If you are newly married or about to get married, then, the following is a must for you. Next time, when you get an opportunity to stay with an elderly and successfully married couple, observe them closely. Here, the term successfully refers to the happiness the couple get from each other. You will easily find that they have carefully built the success of their marriage, on five important elements known as selflessness, commitment, friendship, laughs and fun in marriage and support at good Times
The meaning of selflessness is very simple. It is just an art of pleasing your spouse and make her/him happy. Spouses, with such determination, will always put in 110% of their efforts, to satisfy their partner. But, such efforts should come from the heart, with a firm commitment to put the happiness of your spouse, before yours. This selflessness, should come without any preconceived notion or condition and it should come spontaneously, without the need of any extra effort. The selflessness, has always blended with a maturity, to fulfill the comfort of your spouse and magnanimity to eschew, failures from your partner.
It is a fact that the term commitment is not fully understood by many from the marital point of view. In simple terms, commitment is a decisiveness of both the spouses, to continue the marriage despite all the odds. Spouses really committed to each other, will have all the three types of commitments such as personal, principled and a structural. One must remember that commitment to spouse, is not a one time affair and it is a lifetime matter. The spouses should convey this commitment, through vibrant actions instead of a passive silence.
Friendship in Marriage
Social science researchers have found that nurturing friendship by the spouses makes the marriage a success. The basis of friendship, starts with a thorough understanding of the likes and dislikes of the other. The real friendship in a marriage, appreciates the positive performances of the partner, while evaluating the negative aspects, for positive correction. Such a friendship, allows the spouses to realize, respect and honor the doings of the other. The spouses in friendship, will always enjoy and relish whatever the little things they do every day, nurture and relish such little acts and will carefully take it to the next level.
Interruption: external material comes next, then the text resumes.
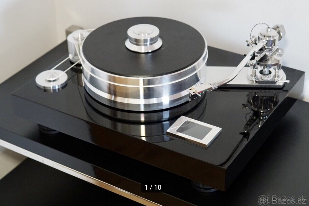 High End gramofon bez kompromisů v kvalitě a konstrukci, vyroben jako oslava 20. výročí založení firmy. Magnetické nohy a TPE polštáře oddělují rezonance od MDF šasi, které je vyplněno kovovým granulátem. 10,55kg vážící talíř s tichým chodem je uložen v keramických ložiscích a levitující na magnetech. Nové 12″ raménko je originální konstrukcí firmy Pro-ject. Díky velkému množství nastavení a výběru vhodných protizávaží, je možno namontovat na raménko téměř každou gramofonovou vložku. Bez nadsázky je možno říci, že se jedná o audiofilský zázrak, které představuje špičku toho, co Pro-ject dokáže v oblasti přesného strojírenství a lásce k hudbě. Je vybaven elektronickým měničem otáček. Gramofon je standartně vybaven kvalitním 5pin-RCA kabelem, na přání je možno dodat s kabelem 5pin-XLR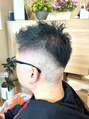 メンズスキンフェードスタイル。立ち上げたスタイリングで毛先に躍動感を出しました^ ^

Laughs and Fun in Marriage
Most of the couples, considers marriage as a very serious business and become busy with the errands of marriage.The first victim of such seriousness, is fun and laughs. They get drowned with errands such as working, housekeeping, finance managing and will hardly have time for sleep. The couple becomes more active with the birth of children. The laugh and fun, slowly get disappeared from their marriage relationship, without their real knowledge. The spouses should become aware of this missing element and allocate time for laughs and fun to sustain their marriage.
Support at Good Times
One may find it odd to discover that support at good times, sustains a marriage. Most of us are aware of the support extended by the spouse, at the time of struggle and it comes handy to win over a problem. Support at good times, is altogether a different component. It is the support and participation given by one partner to the success of the other. Such support to the partner, starts with asking questions, clearing doubts about a project or attempt, giving encouragement, complimenting on every success and finally celebrating the success of achievement. The spouses should learn to support and celebrate the success of their partner. While the support at bad times holds the family intact and assists in the growth of family, the support at good times sustains the love between the partners and keeps their marriage intact.